How Cold?
This is the most common question, and it makes sense to ask that. However, it is truly impossible to answer, as some people tolerate cold better than others. The key is to aim for a temperature that evokes the thought, “This is really cold(!), and I want to get out, BUT I can safely stay in.” For some people, that temperature might be 60°F, whereas for others, 45°F.
Here is the key: the colder the stimulus (water immersion, shower, etc.), the shorter amount of time you need to expose yourself to the cold. One study showed significant and prolonged increases in dopamine when people were in cool (60°F) water for about an hour up to their neck, with their head above water. Other studies describe significant increases in epinephrine from just 20 seconds in very cold water (~40°F). The good news is that as you do deliberate cold exposure more often, you will be more comfortable in the cold at all times and can start to use colder temperatures with more confidence, just like exercise.
How Long and How Often?
Consider doing deliberate cold exposure for 11 minutes per week TOTAL. NOT per session, but rather, 2-4 sessions lasting 1-5 mins each distributed across the week. Again, the water temperature should be uncomfortably cold yet safe to stay in for a few minutes. You can do more, but this should be the minimum to achieve the benefits of cold exposure. You can do very cold, very brief exposures for adrenaline release too, but the 11 minutes is based on a recent study by Susanna Søberg that explored a range of effects and is a good solid, basic protocol for ongoing use.
Source: Huberman Lab
How Do I Endure the Cold?
Undoubtedly, during (or before) cold exposure, you will find your mind pushing back against the challenge. Your mind will say, “I really don’t want to do this,” even before getting in, or “Get me out of here.”
You can imagine those mental barriers as ‘walls.’ Those walls are, in fact, the effects of adrenaline pulses in your brain and body, which in this case is what triggers the eventual adaptive response. After all, if it were easy, then there is no stimulus for your body to change (adapt).
By maintaining top-down control of your reflexive urge to exit the cold environment, you will have successfully traversed that wall.

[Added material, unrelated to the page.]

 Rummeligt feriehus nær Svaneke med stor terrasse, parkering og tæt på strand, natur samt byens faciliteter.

Challenge yourself by counting walls and setting a goal of “walls” to traverse (e.g., 3-5 walls) during the round of cold exposure. You can also go for time. Up to you. The advantage of the walls approach is that it carries over to other scenarios more seamlessly, as most of life’s stressors don’t lend themselves so well to merely timing the duration until it passes. It also enhances your sense of mind-body connection to do it this way.

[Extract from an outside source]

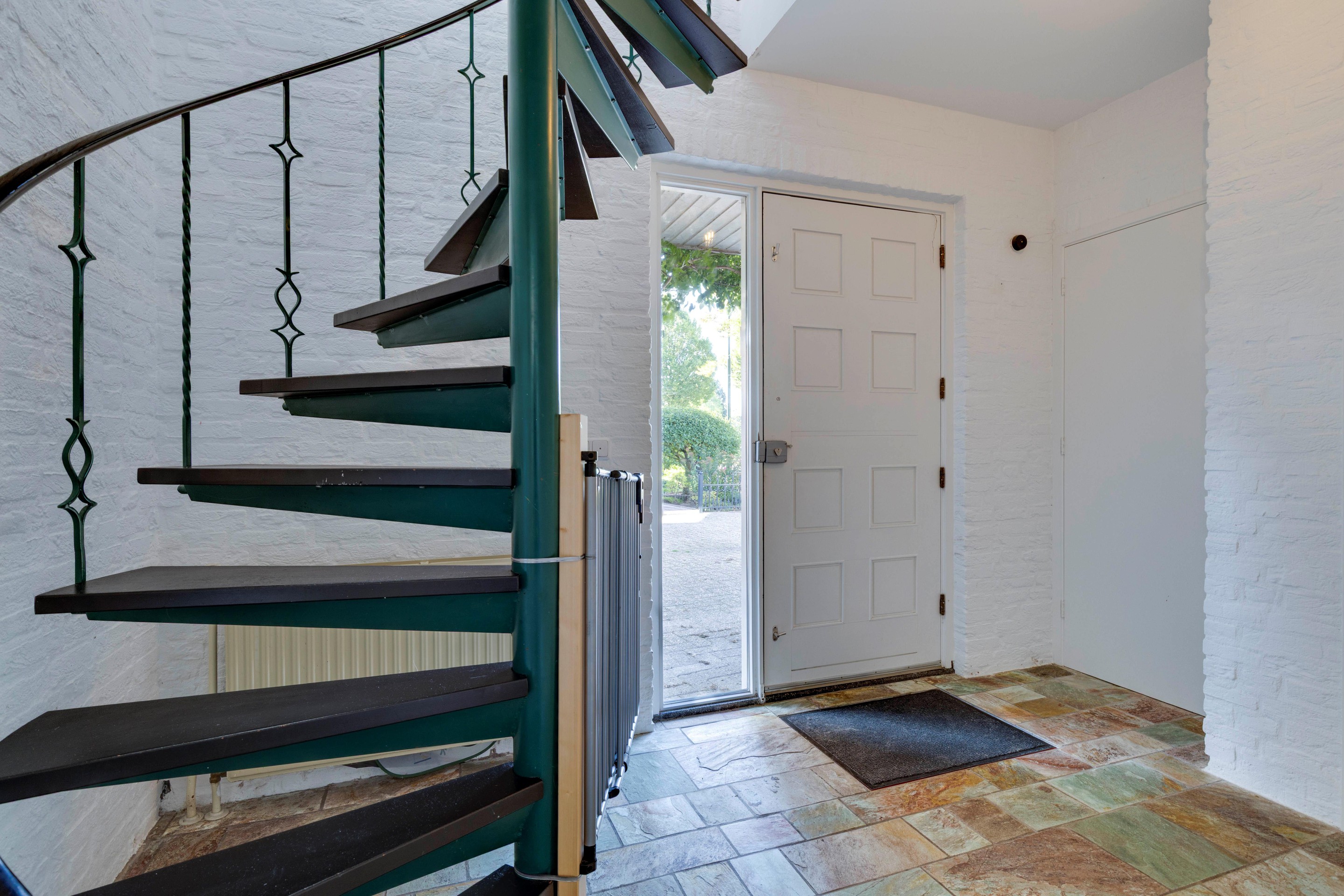 De brede oprit biedt plaats aan meerdere auto’s en leidt naar de keurig aangelegde voortuin. Binnenkomst via de hal met natuurstenen vloer, vernieuwde meterkast (slimme meters) en toegang tot het keurig betegelde toilet en de sfeervolle woonkamer. Een mooie wenteltrap brengt je naar de eerste verdieping.

What Should I Do After a Plunge?
The Søberg Principle based on deliberate cold researcher Dr. Susanna Søberg is: To enhance the metabolic effects of cold, force your body to reheat on its own. Or “End With Cold.”

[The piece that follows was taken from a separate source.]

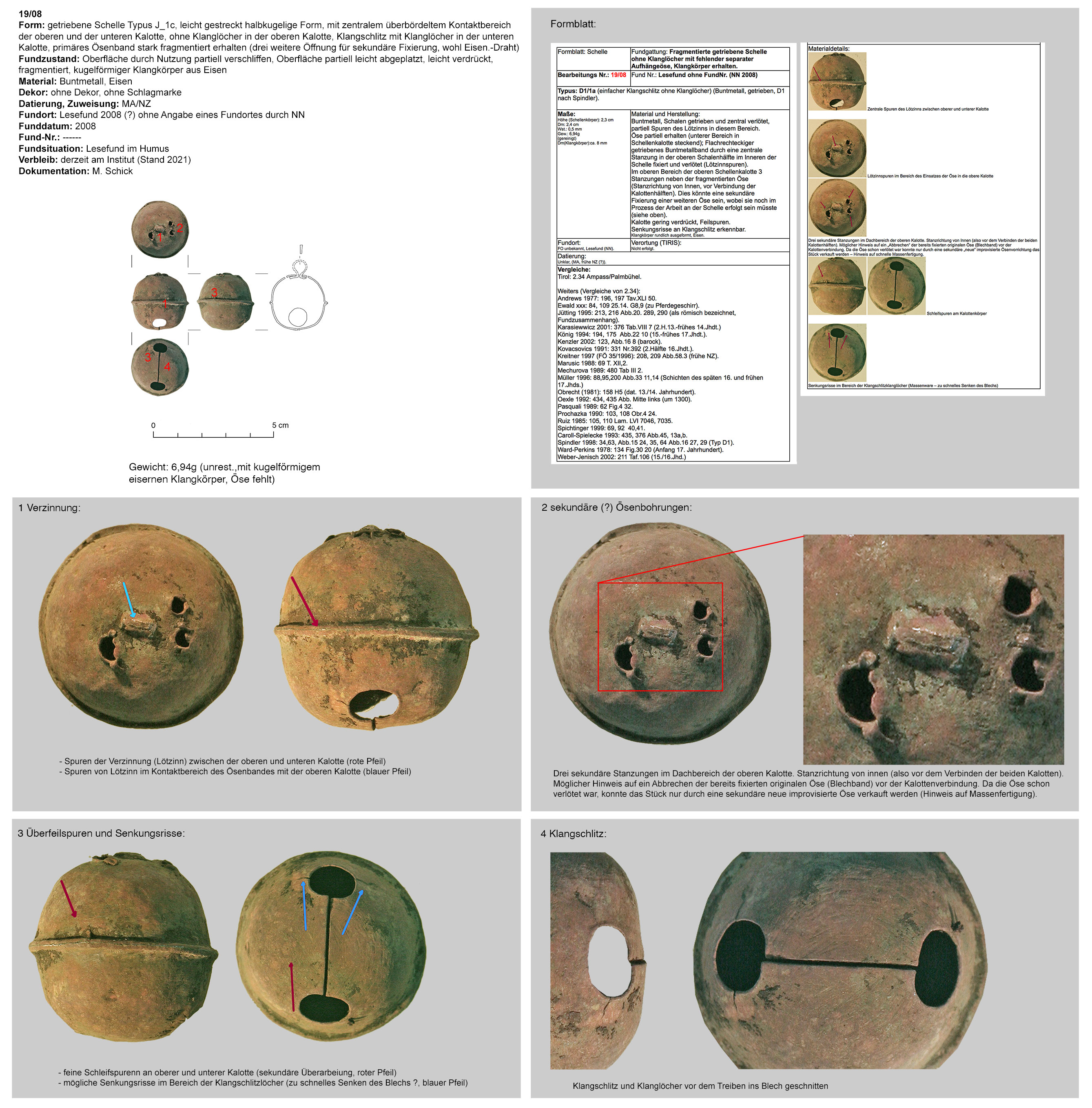 | 19/08 | zweiteilig (2 Kalotten), Ober-/Unterseite abgeplattet, Verbindungsbereich (zentraler Wulst) abgerundet, Öse ringförmig, Funktion unklar (Belle?) | kugelig, Eisen | unbekannt (Tiroler Oberland?) (NN) | unbekannt | ohne Marke/Dekor; 3 Löcher in oberer Kalotte neben Öse (wohl für primäre Öse) |

Also, allowing your body to shiver may enhance metabolic increases from cold. Shivering causes the release of succinate from muscles and further activates brown fat thermogenesis.
Try this protocol to increase shivering, either during or immediately after cold exposure:
Don’t huddle or cross your arms while in the cold or after getting out. Also, don’t towel off. Let your body reheat and dry off naturally.